The rhesus macaque isn’t the only monkey that carries herpes B. The same virus has been found in other Asian monkeys, including the long-tailed macaque (Macaca fascicularis) within its native range in Indonesia. In the wild, though, neither rhesus macaques nor the others have passed any known herpes B infections to humans, not even in situations where the monkeys come into close contact with people. For this there’s no easy explanation, because the opportunities do seem to exist. Both rhesus macaques and long-tailed macaques are opportunistic creatures, largely unafraid of humans or human environments. As the chainsaws and machetes of humanity’s advance guard have driven them out of their native forest habitats—in India, Southeast Asia, Indonesia, and the Philippines—they have been only more willing to take their chances scavenging, stealing, and panhandling at the edges of civilization. They live anywhere they can find food and a modicum of tolerance. You can see rhesus macaques lurking along the parapets of government buildings in Delhi. You can glimpse long-tailed macaques scrounging garbage from the corridors of dormitories at a university not far from Kuala Lumpur. And because both the Hindu and Buddhist religions embrace gentle attitudes toward animals in general, toward nonhuman primates in particular, macaques have become abundantly, boldly present at many temples around their native regions, especially where any such temple stands near or within a remnant of forest.
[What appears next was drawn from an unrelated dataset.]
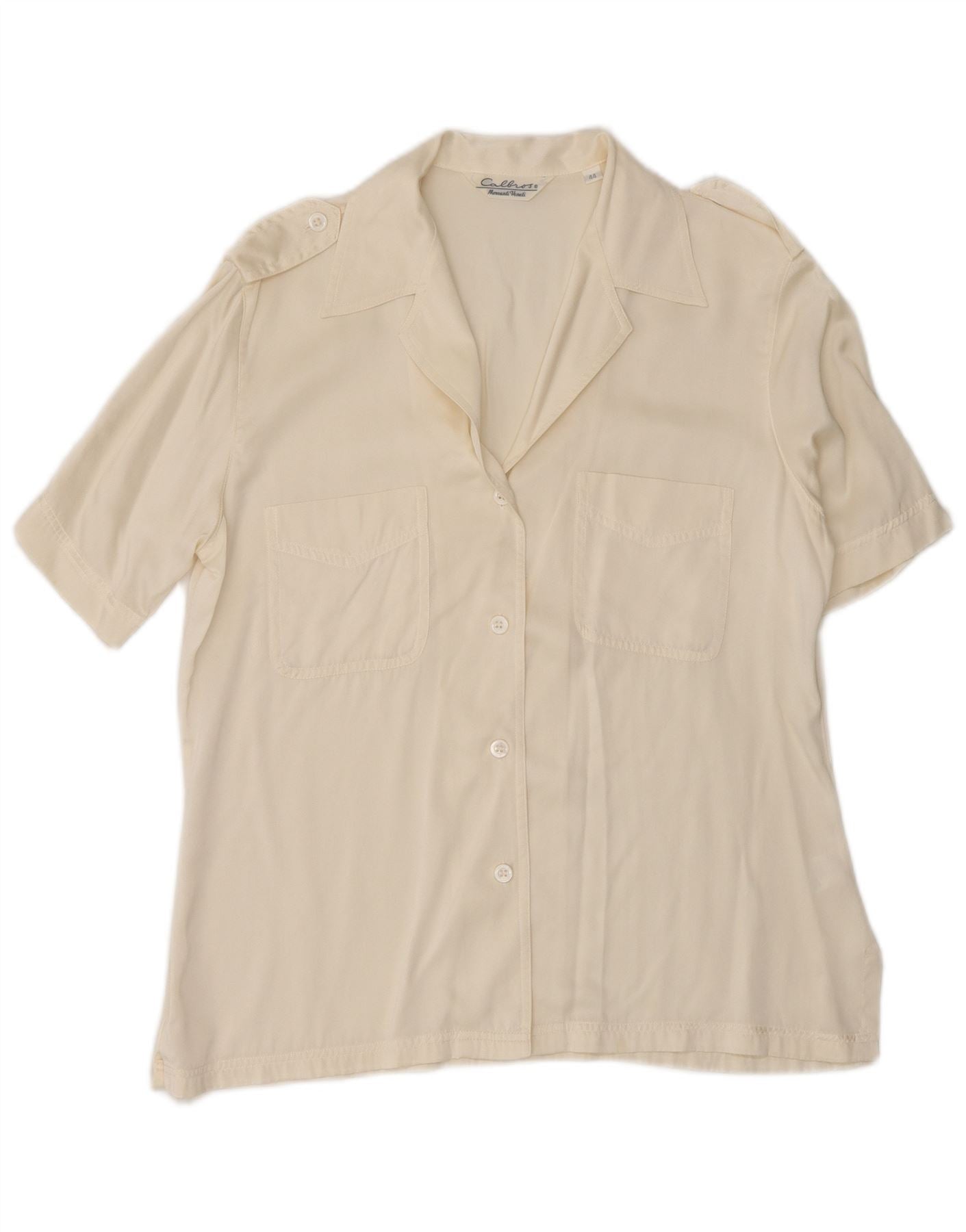CALBROS Womens Military Short Sleeve Shirt Blouse IT 44 Medium Off White

At Hindu sites, they have the advantage of their resemblance to the monkey god Hanuman. Buddhism, at least as practiced in Japan, China, and India, also carries ancient threads of monkey veneration. You can see it in iconic art and sculpture, such as the famed three-monkeys carving (see no evil, hear no evil, speak no evil) on the Toshogu Shrine, north of Tokyo. Over generations, over centuries, macaques within these landscapes have come in from the wild and habituated themselves to human proximity. Now they’re mascot monkeys at many temples and shrines, indulged like acolytes of Hanuman or the Shinto deity Sanno, living largely on handouts from pilgrims and tourists.